I believe it is caused by different hardware. Try to change https://github.com/chengdazhi/Deformable-Convolution-V2-PyTorch/blob/1b5851abd404dc71f02ae0110af3540b6877309e/src/cuda/deform_im2col_cuda.cuh#L17 and https://github.com/chengdazhi/Deformable-Convolution-V2-PyTorch/blob/1b5851abd404dc71f02ae0110af3540b6877309e/src/cuda/modulated_deform_im2col_cuda.cuh#L17 to some smaller number like 512 or 256. This should help.
@xvjiarui It's okay! Thanks a lot~
Hello I have the same issue , I tried with 512, 256, ... even with 1 and I am receiving the same error. I have GeForce GTX1080. Any idea why I have still this problem?
Hello I have the same issue , I tried with 512, 256, ... even with 1 and I am receiving the same error. I have GeForce GTX1080. Any idea why I have still this problem?
Segmentation fault could be solve by this https://github.com/chengdazhi/Deformable-Convolution-V2-PyTorch/issues/7.
CUDA_NUM_THREADS
is responsible for too many resources requested for launch
.
@Simpatech-app have you rebuiled the code?
@xvjiarui @gzhcv I have gcc version 5.4.0 and according to issue#7 the gcc >=4.9 should work well. However, I have still the same problem.
@Simpatech-app have you rebuiled the code?
Do you mean by running again sh make.sh???? if so, I already did it and still get this error. Any idea how to fix it? After making the project, should do any thing else?
Hello I have the same issue , I tried with 512, 256, ... even with 1 and I am receiving the same error. I have GeForce GTX1080. Any idea why I have still this problem?
Segmentation fault could be solve by this #7.
CUDA_NUM_THREADS
is responsible fortoo many resources requested for launch
.
I have the same issue too many resources requested for launch
on v100 sxm3
Tips: You should change the codes before make.
so, first git clone the repo,
then make sure your gcc version >=4.9,
and change the code as mentioned @xvjiarui ,
last bash ./make.sh
.
If Backward is not reentrant
after python test
, refer to issue #16
I have the same issue with rtx2070 :( I make sure my gcc version is 5.4 and i changed CUDA_NUM_THREADS = 512, 256, 1
@cjnjuwhy Thank you very much,I solved the problem following your tips!
@Simpatech-app have you rebuiled the code?

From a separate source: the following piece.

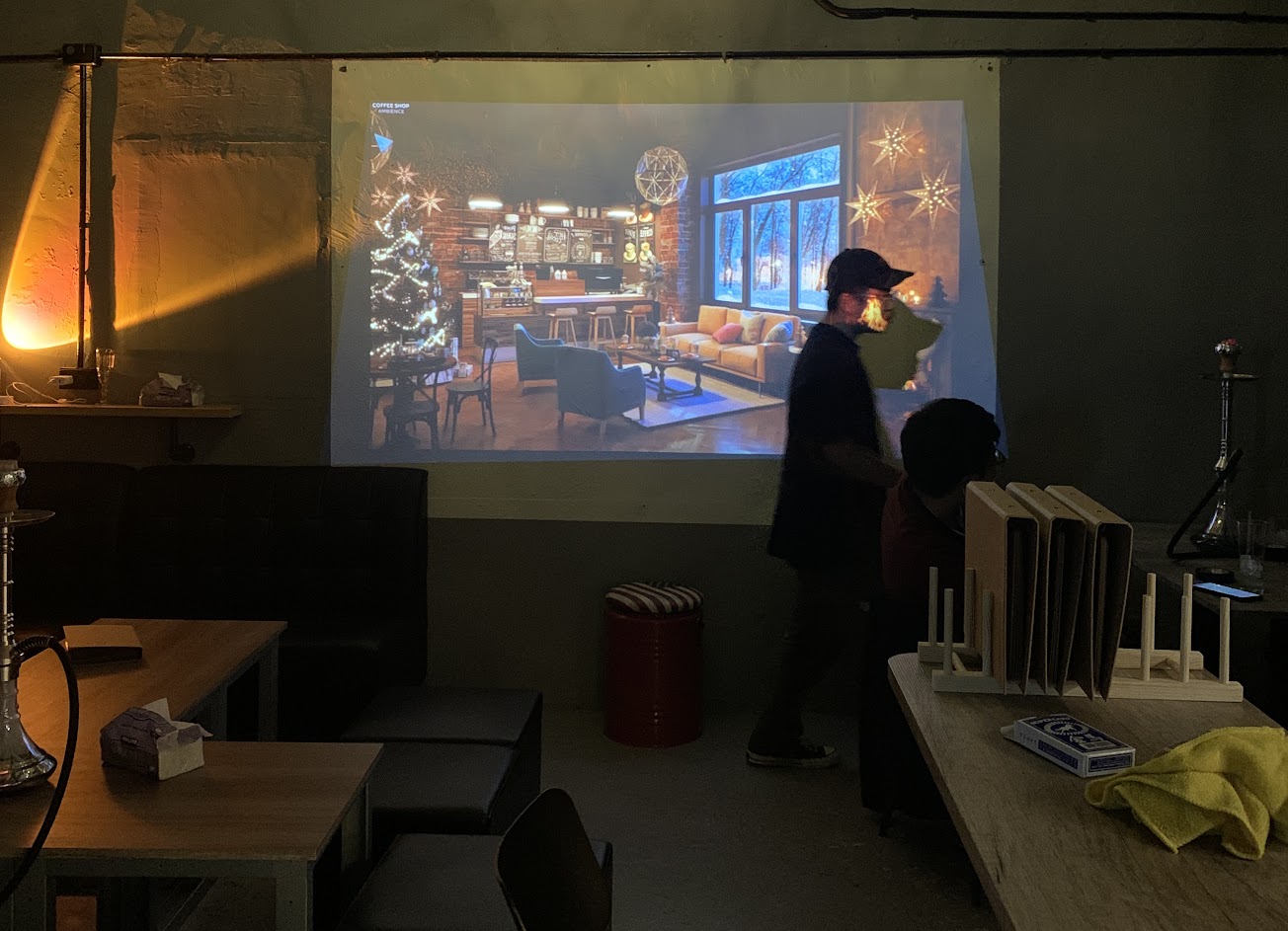 太chill 了 投影幕超棒??很適合放鬆聊天 …

Do you mean by running again sh make.sh???? if so, I already did it and still get this error. Any idea how to fix it? After making the project, should do any thing else?
Gentle , the make.sh
will create a Directory named bulid
in your project , after you change 1024 to 256 with @xvjiarui , you need to delete this Directory bulid
, and run make.sh
, then it will work.
And after that , you will meet another exception named Backward is not reentrant
, I just delete those check_function
Hello,world
Hi, I get the same problem but the #7 issue is missing now. Can anyone please explain again how to solve the "Segmentation fault (core dumped)" error?